Your task - Reproduce the lines below exactly. Skip images.

The data -
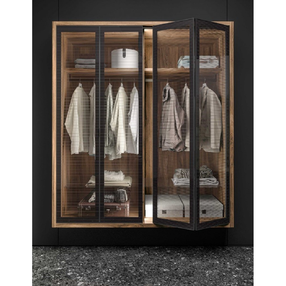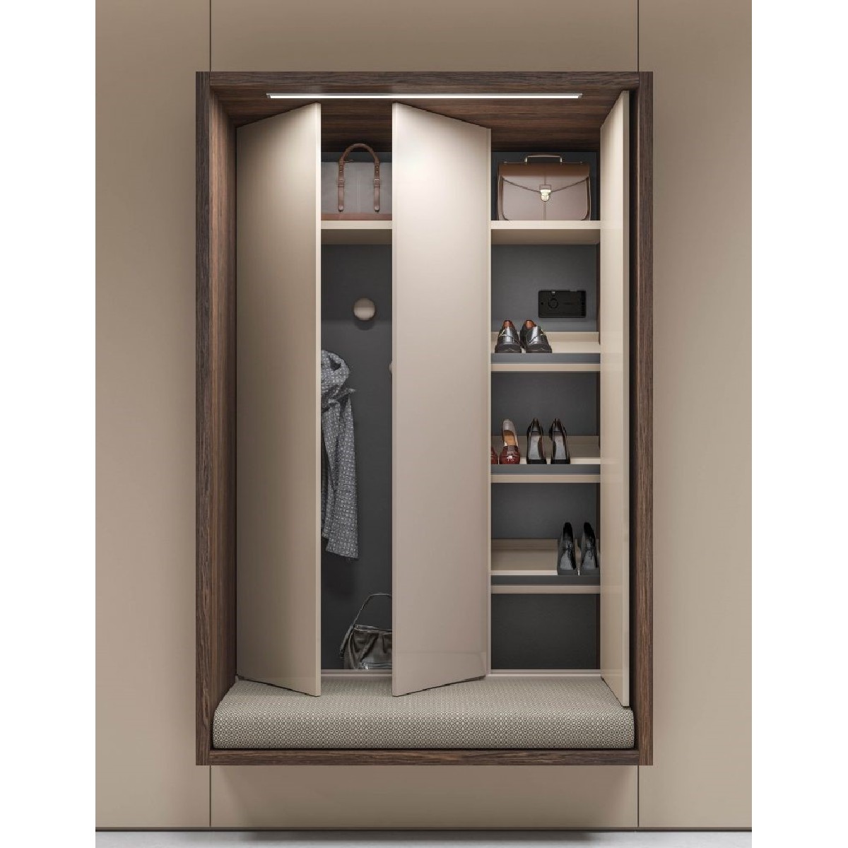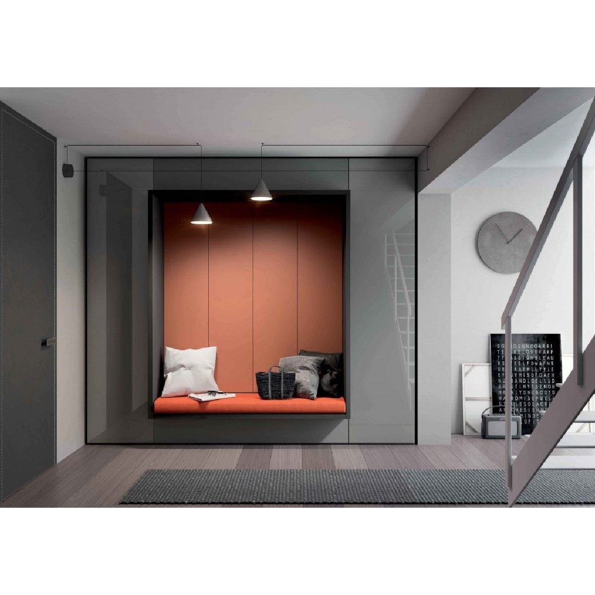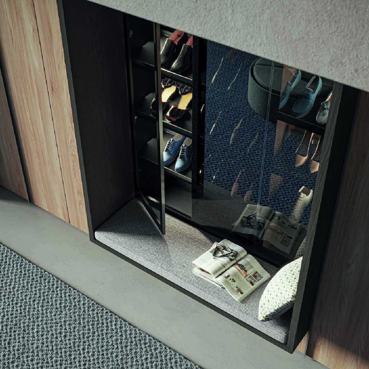Besides the seat and murphy bed version, there are further design configurations: it is possible to set it up in the same seat version but with wardrobes behind, supplied with several internal accessories, or with hinged or folding glass doors wardrobes or open bookcase, with or without seat.
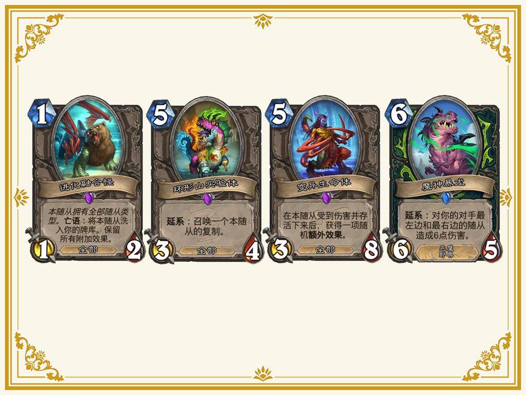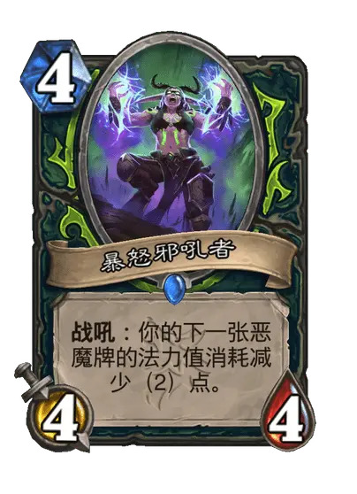 作为一张前期弥补费用曲线且能延时提供站场的过渡牌十分好用,且其另一个aoe的抉择效果也能够增强面对快攻的抗性、控场时同时a掉己方的残血精魂商贩或清理1费看客为场面腾格子、甚至可以处理DK的血虫。推荐满编。
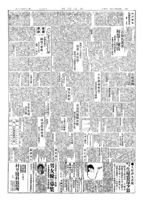 - 三百餘名連署(삼백여명연서)로 解散(해산)코저陳情(진정)

Solution -
Besides the seat and murphy bed version, there are further design configurations: it is possible to set it up in the same seat version but with wardrobes behind, supplied with several internal accessories, or with hinged or folding glass doors wardrobes or open bookcase, with or without seat.
 作为一张前期弥补费用曲线且能延时提供站场的过渡牌十分好用,且其另一个aoe的抉择效果也能够增强面对快攻的抗性、控场时同时a掉己方的残血精魂商贩或清理1费看客为场面腾格子、甚至可以处理DK的血虫。推荐满编。
 - 三百餘名連署(삼백여명연서)로 解散(해산)코저陳情(진정)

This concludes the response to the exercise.